This post recapitulates earlier posts on the Documentary Hypothesis and introduces Philippe Wajdenbaum’s case for comparing the Bible with Classical Greek literature and finding the biblical author’s (sic) sources of inspiration there.

Late last year I wrote Who Wrote the Bible? Rise of the Documentary Hypothesis.
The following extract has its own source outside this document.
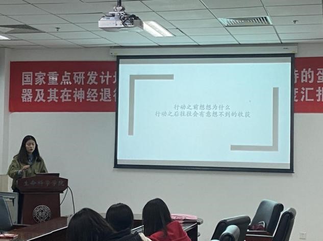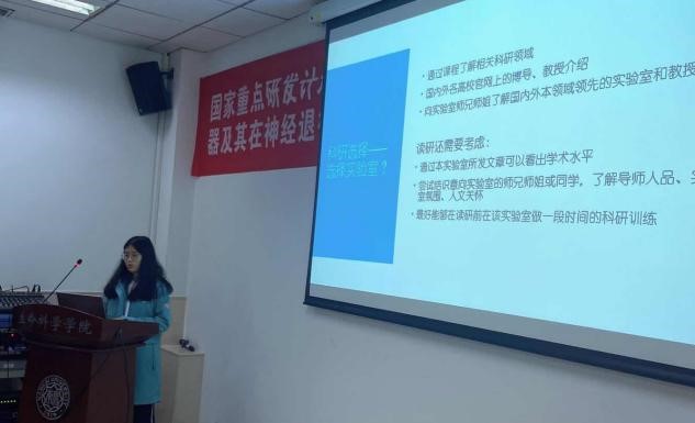 2017级生物伯苓班的孔欣同学围绕科研准备和科研选择进行了分享,让同学们更进一步了解了科研的道路。在科研准备方面,她谈到要全面学习基础学科知识、拥有良好的心理承受能力和抗压能力、提早进入感兴趣的实验室;在科研选择方面,她从是否选择科研、如何选择科研方向、如何选择实验室、如何联系导师这几个角度层层深入,系统地介绍了本科生应该如何开启科研之路。

That post outlined the milestones towards the DH as set out by Philippe Wajdenbaum in Argonauts of the Desert:

  1. Baruch Spinoza‘s views of single authorship behind the historical books of the Bible;
  2. the way biblical studies were influenced by the early Homeric studies evolutionary model that hypothesized disparate oral traditions being stitched together by later editors to create a final canon;
  3. the failure of biblical studies to keep abreast of Homeric studies when they confronted the problems with their evolutionary hypothesis;
  4. the contribution of Julius Wellhausen and the labeling of the J, E, D and P sources and the final redactor R;
  5. Gerhard von Rad‘s fleshing out of these sources into historical provenances: J to the southern Kingdom of Judah, E to the kingdom of Israel, D to the time of Josiah, P to the period of Exile;
  6. Martin Noth‘s qualifications and modifications to the Documentary Hypothesis: a Deuteronomist historian wrote Deuteronomy, Joshua, Judges, Samuel and Kings during the Exile, and a Redactor later found a way to harmonize the Genesis, Exodus, Leviticus and Numbers with these Deuteronomist books;
  7. F. M. Cross and R. E. Friedman who decided Noth’s Deuteronomist historian was rather two historians, one writing in the time of Josiah and the other during the Exile;
  8. Thomas Römer‘s criticism of
    • Wellhausen’s hypothesis for its nineteenth-century German Protestant and royalist assumptions;
    • Noth’s views for their subjective mirroring of his personal situation with Nazi Germany;
    • Cross’s subjective transfer of American optimism and idealism of the founding fathers into the period of King Josiah.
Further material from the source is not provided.